Kegagalan bukan berarti Tuhan meninggalkan Anda, tetapi Dia mempunyai rencana lebih baik.
Kegagalan bukan bearti anda tidak mencapai apa-apa, tetapi anda sudah mempelajari sesuatu
(Dr. Robert Schuller)
Siapa orang yang tidak ingin sukses dan bahagia dalam hidupnya?. Berbagai upaya dilakukan untuk menuju “kesana”. Mulai dari kandungan ibu sampai dewasa, beragam upaya ditujukan untuk kesuksesan dan kebahagiaan. Doa seorang ibu akan selalu mengiringi sang anak yang akan lahir kedunia agar sang anak dapat bahagia dunia dan akhirat. Saat sang anak beranjak memasuki dunia pendidikan, maka sang anak dituntut kelak untuk sukses dan bahagia. Menaikkan dan memperkuat IQ sang anak, orang tua tidak segan-segan mengeluarkan dana agar kesuksesan dan kebahagiaan sang anak dapat diwujudkan.
Namun, kenyataan hidup berkata lain. Dalam perjalanan hidupnya, seseorang tidak luput mengalami dan menjumpai kegagalan. Harus diakui, kegagalan adalah sesuatu yang tidak mengenakkan, menyakitkan dan menyedihkan. Sehingga tidak mengherankan bila eksistensi kegagalan selalu ditolak manusia bahkan ada kecenderungan menyingkirkan kegagalan. Kegagalan identik dengan kebodohan, kemalasan, kecerobohan dan ketidakmampuan seseorang. Padahal tidak demikian keberadaan dari kegagalan. Kegagalan adalah suatu kondisi pembelajaran bagi seseorang yang mau belajar dengan kegagalan itu sendiri.
Semakin sukses seseorang maka akan sering berjumpa dengan yang namanya kegagalan. Orang sukses tidak akan terlena dengan kegagalan yang menghampirinya. Orang sukses akan berbenah diri dan menyusun rencana baru guna melepaskan diri dari kegagalan. Kegagalan dijadikan cambuk untuk terus melangkah maju.

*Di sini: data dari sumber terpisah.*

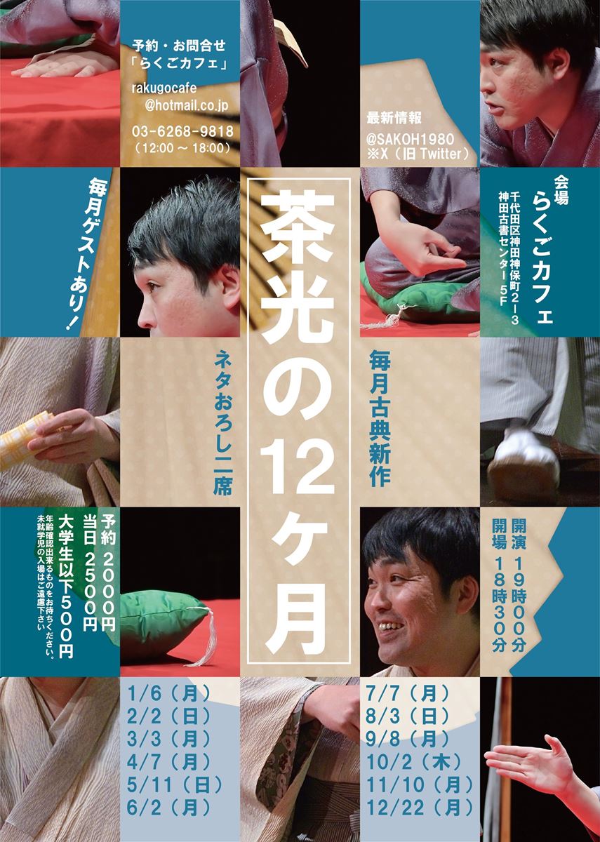 古典では地の語り以外は現代語を入れず世界観を壊さないように腐心し、新作に於いては自身のセンスを自由に織り込むといった緻密さと笑いの取り方の差違を熟知している。「初めて落語を聴くお客さまの入り口になりたい」と言うが入り口どころか落語界のメインストリートのひとりになれる存在である。笑福亭茶光さん、いよいよブレイク間近。

Berbeda dengan orang yang tidak sukses (orang yang gagal), mereka terlena dengan kegagalan. Orang gagal ini cenderung terjebak dalam pola pikir negatif atas kegagalan yang dialaminya. Oleh David J. Schwartz, Ph.D pakar leadership tingkat dunia dikatakan bahwa orang semacam ini akan menderita penyakit pikiran yang mematikan otak yang juga disebut penyakit yang mencari “kambing hitam” kegagalan. Akhirnya aksi menyalahkan pada banyak pihak bahkan pada Sang Pencipta-pun turut dipersalahkan dengan kegagalan yang menimpanya.
Terpenting dalam menghadapi kegagalan adalah pensikapan terhadap kegagalan tersebut. Keterlenaan akan memberikan dampak negatif yang berupa penyakit mencari “kambing hitam”. Sudah barang tentu yang namanya penyakit akan memberikan multiple efect bagi penderita. Keragu-raguan akan mewarnai jalan hidup padahal hanya berpikir ragu-ragu saja akan mendatangkan kegagalan apalagi menjalani hidup dengan penuh keraguan. Pola kerja otak yang mengarah negatif (berpikir negatif) pun mulai bergerak dan dampaknya sangat luar biasa kinerja individu akan cenderung tidak produktif (menurun).
Ada pepatah yang mengatakan kegagalan adalah sukses yang tertunda adalah obat bagi orang-orang yang tidak terpaku pada kegagalan karena pepatah tersebut belum titik masih koma. Kesuksesan yang tertunda adalah benar bila yang bersangkutan bereaksi keluar dari kegagalan. Ada action bangkit dari kegagalan. Menebas keterlenaan akan kegagalan dan terus berusaha mencari titik sukses. Orang sukses tidak terlena dengan kegagalan. Orang sukses selalu berpikir positif terhadap kegagalan karena dengan kegagalan akan membuat manusia mampu mengetahui batas kemampuan dirinya. Jadi mengapa kita harus takut dengan kegagalan. Mari kita sambut kehadiran kegagalan dalam kehidupan ini, karena kegagalan adalah suatu kondisi positif yang menempa seseorang untuk menuju kesuksesan.